▶ [Task directions]
Output only the lines below from the one holding "上海某公司,因產(chǎn)" down to the one holding "Nástenné protisklzové popruhy", both end lines included and every picture dropped.

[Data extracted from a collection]
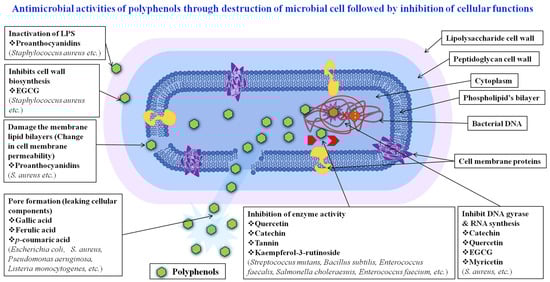 Of the most biologically active polyphenols, few of their antibacterial, antiviral, antifungal, etc., properties have been described. Here are a few instances of polyphenols and their listed antimicrobial properties, also reviewed in tabular form [,]:
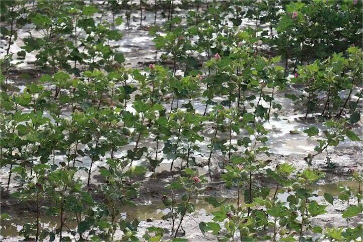 在十一連農戶張福生的帶領下星火實踐小隊來到了56號棉花地,張福生指向一片萎黃的棉花談到:今年雨水特別多,尤其是昨天也下了大雨,許多棉花地都被水淹了,所以長勢不好。隊長聶磊問到正常的年份的畝產時,張福生說:平常一畝地有500多公斤的產量。今年由于前期的滴灌措施沒有做好以及雨水較往年增多,減產是肯定的。
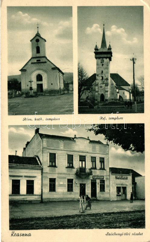Beschreibung: Kraszna, Crasna; Széchenyi tér, Nagy Sándor és Farkas József üzletei, katolikus és református templomok / shops, churches
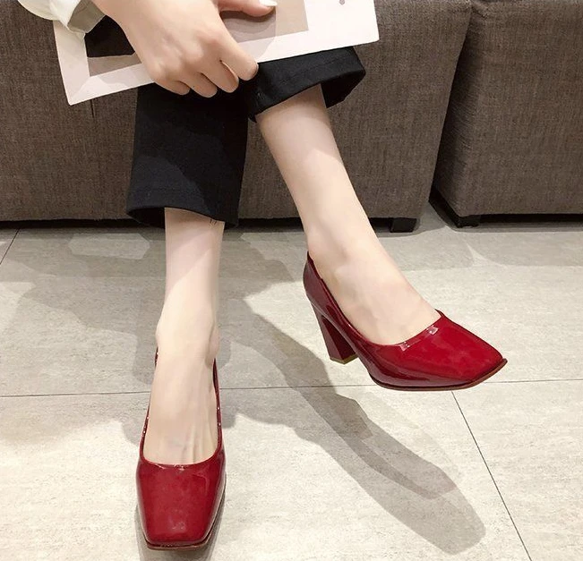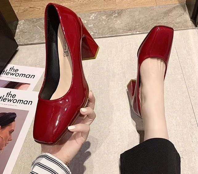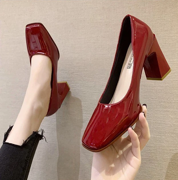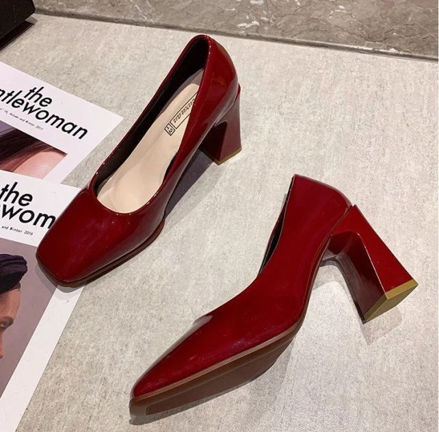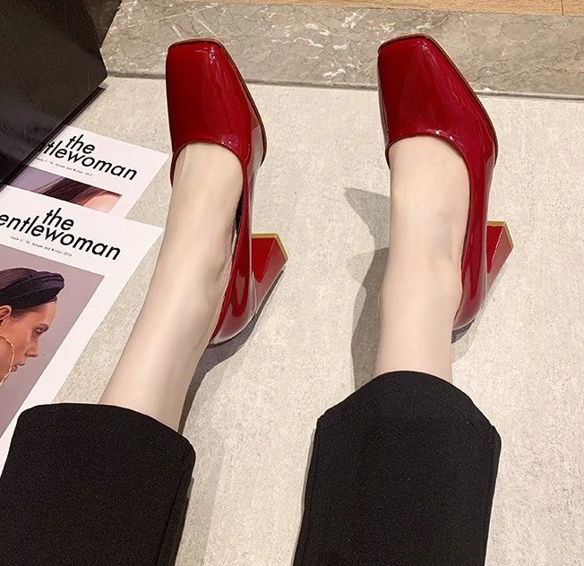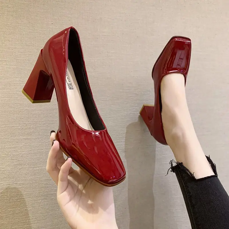Ladies Summer Footwear High Heels Shoes for Women 2025 on Heeled Pumps Office Red Square Toe Chic Point Popular Elegant Dress 39
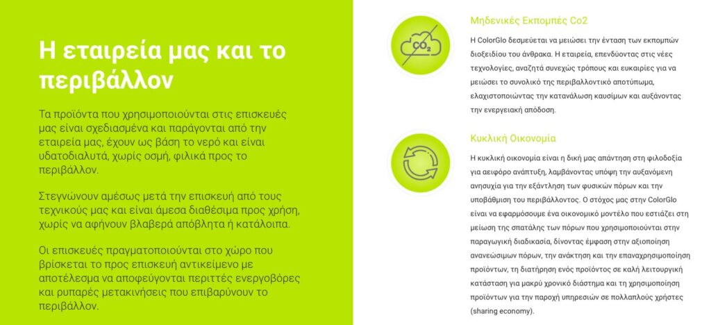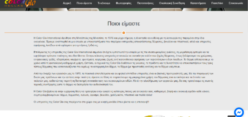 Just Online undertook the recreation of the site colorglo.gr and its promotion through Social Media ads & Google Ads. The site was rebuilt to, not only refresh the company’s image by better reflecting the results of Color Glo’s services but also so as to be friendlier to navigation, faster and increase the number of calls for appointments.
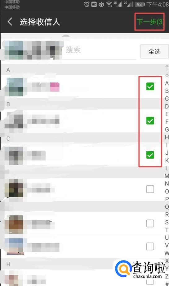 弹出的界面,我们选中我们想要群发的人员,然后我们点击下一步;
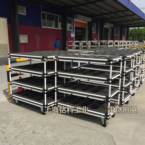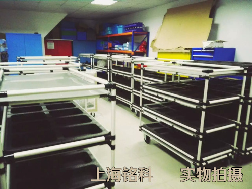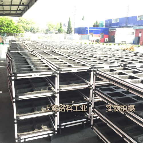 上海某公司,因產(chǎn)品需求,非標定制線棒臺車數(shù)百臺,金屬壁厚1.2mm,配產(chǎn)品擺放墊。
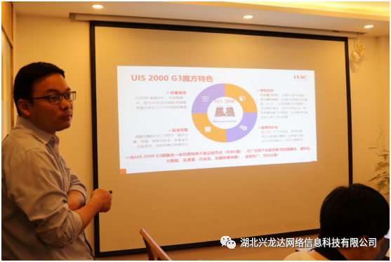 新華三湖北代表處云智產品線專家—陳歷淼(下圖左一)講解了新華三的超融合及云桌面解決方案和相關案例。
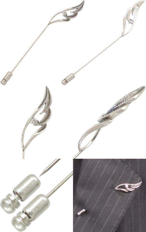 ★エレガントなデザインが目を引くオープンフェザーデザインのラペルピン。。
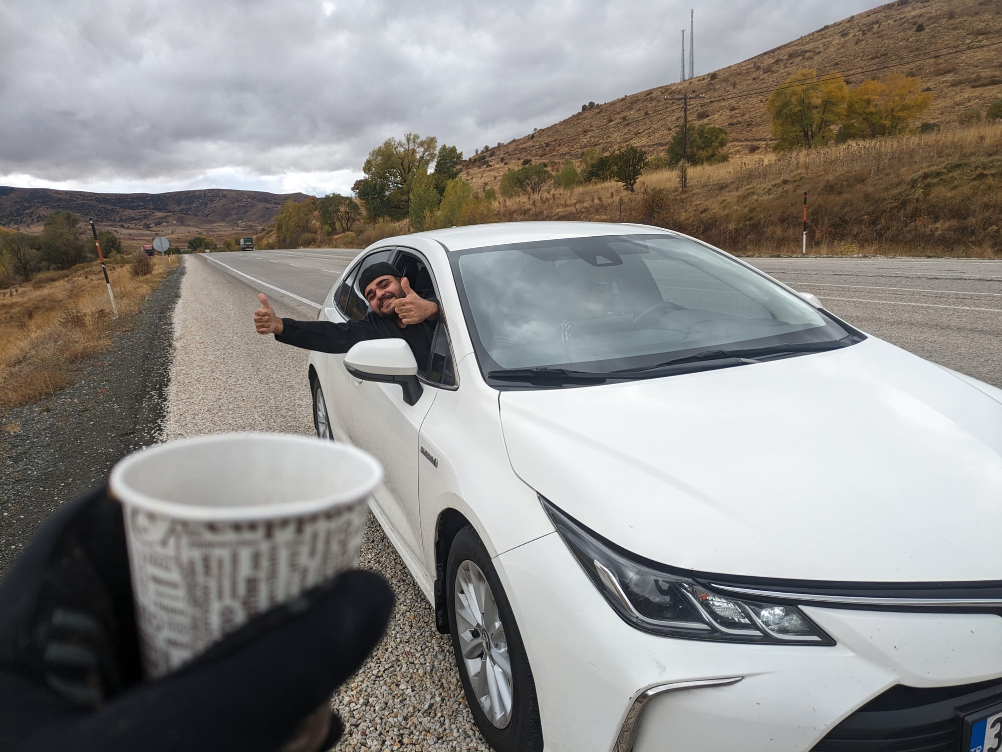 While she was solo, a driver pulled over, posed on his car and offered Emma an apple, then promptly asked for her phone number. She just took the apple. We've split up similarly a fair bit and that was the first time. Turkey otherwise once again delivered on that hill though. I was going along craving a cup of tea after said sugar hit, and just as I thought it a car pulls over, and produces a double thermos - would I prefer tea or coffee? A short conversation later and I also had two juices, a pastry and water pushed upon me! I did disappoint with my knowledge of English football though.
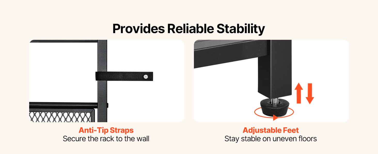 Nástenné protisklzové popruhy a nastaviteľné nožičky spoločne zvyšujú stabilitu a pomáhajú udržiavať bezpečný a pohodlný domáci priestor pre celú rodinu.
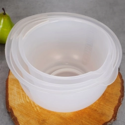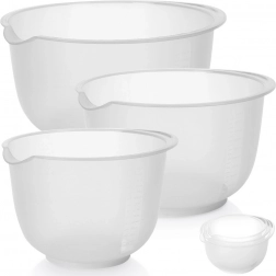 Ovaj set kuhinjskih zdjela od kvalitetne poluprozirne plastike pokriva većinu zadataka u kuhinji – od miješanja tijesta i miksanja krema do pripreme salata. Zdjele se lako umeću jedna u drugu, čime štede prostor u ormariću, a zahvaljujući mjernoj skali na stijenci precizno ćete izmjeriti tekuće i sypke sastojke.
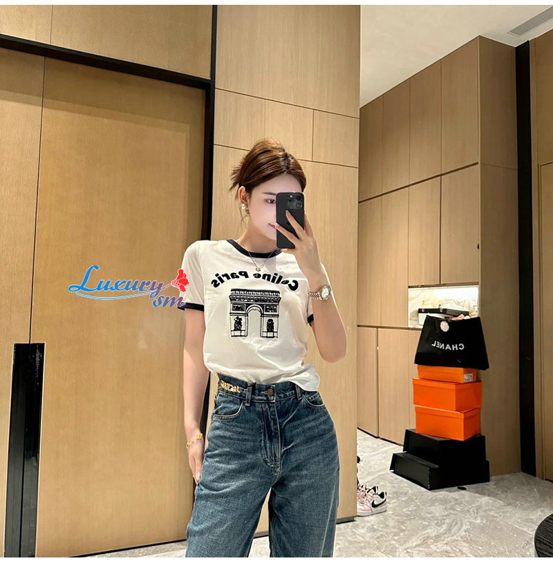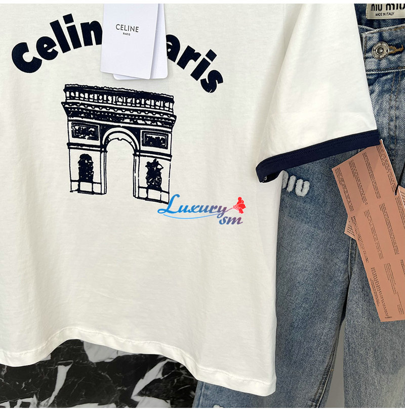 CELINE-03243 셀린느 화이트 아플리케 장식 티셔츠 여성용
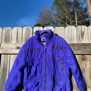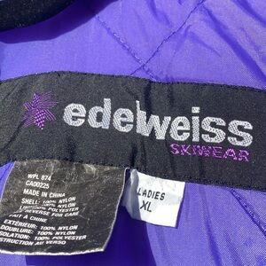 A vintage Edelweiss ski jacket in wonderful condition. Features vibrant purple color with floral style finishing ribbon embellishments and matching braided cording. The hood is detachable and there is a waist pull
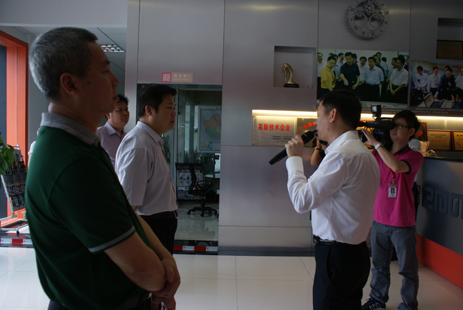 4月25日上午,政府耕地保護目標履行情況考核檢查組鄔公權書記等領導一行在南城區府錢書記以及高盛科技園相關領導陪同下蒞臨愛瑪參觀考察,愛瑪董事長王煒棠率公司高層做了熱情接待并向領導們匯報了公司發展情況及公司自主研發的高新技術系列產品。
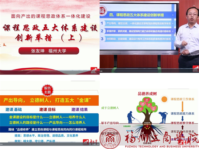 本次研修课程的主题是“面向产出的课程思政体系一体化建设”,主讲人是福州大学的张友坤老师。张老师在课程中强调:在课程教学过程中,我们要围绕“品德修养”建立思政课程与课程思政同向同行课程矩阵,提高学生的思想水平、政治觉悟、道德品质和文化素养,使学生能够明大德、守公德、严私德。
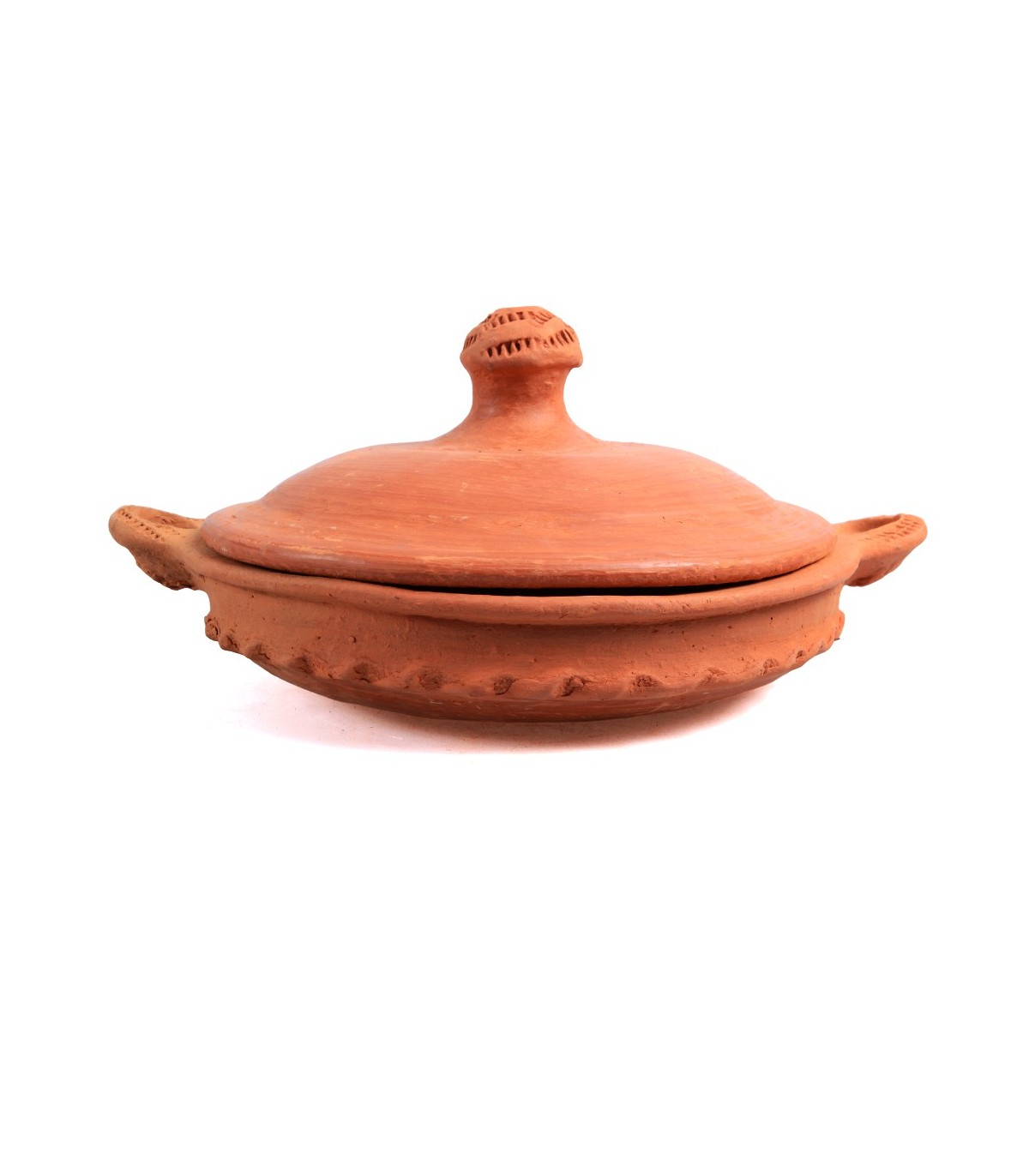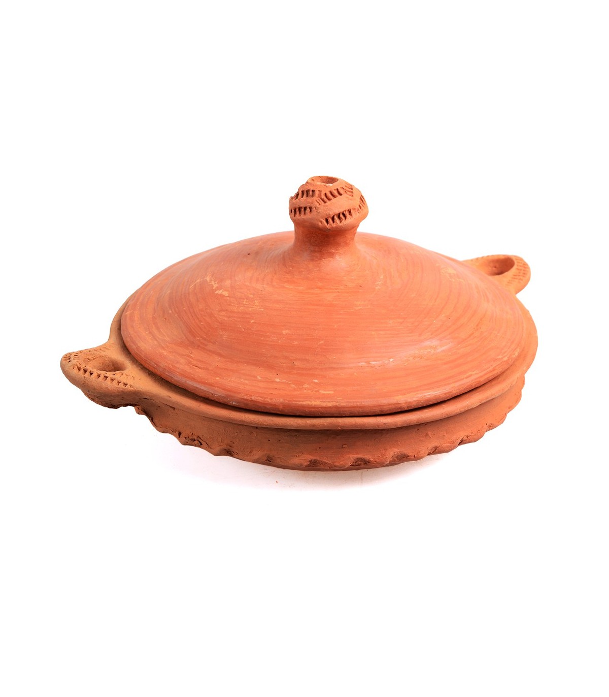 Ovaler Ton-Tajin aus Marokko, handgefertigt von traditionellen Handwerksmeistern. Ideal für den direkten Einsatz auf einem Holz- oder Gasfeuer. Aufgrund der unregelmäßigen Form nicht für andere Küchentypen...

▶ [Response]
 上海某公司,因產(chǎn)品需求,非標定制線棒臺車數(shù)百臺,金屬壁厚1.2mm,配產(chǎn)品擺放墊。
 新華三湖北代表處云智產品線專家—陳歷淼(下圖左一)講解了新華三的超融合及云桌面解決方案和相關案例。
 ★エレガントなデザインが目を引くオープンフェザーデザインのラペルピン。。
 While she was solo, a driver pulled over, posed on his car and offered Emma an apple, then promptly asked for her phone number. She just took the apple. We've split up similarly a fair bit and that was the first time. Turkey otherwise once again delivered on that hill though. I was going along craving a cup of tea after said sugar hit, and just as I thought it a car pulls over, and produces a double thermos - would I prefer tea or coffee? A short conversation later and I also had two juices, a pastry and water pushed upon me! I did disappoint with my knowledge of English football though.
 Nástenné protisklzové popruhy a nastaviteľné nožičky spoločne zvyšujú stabilitu a pomáhajú udržiavať bezpečný a pohodlný domáci priestor pre celú rodinu.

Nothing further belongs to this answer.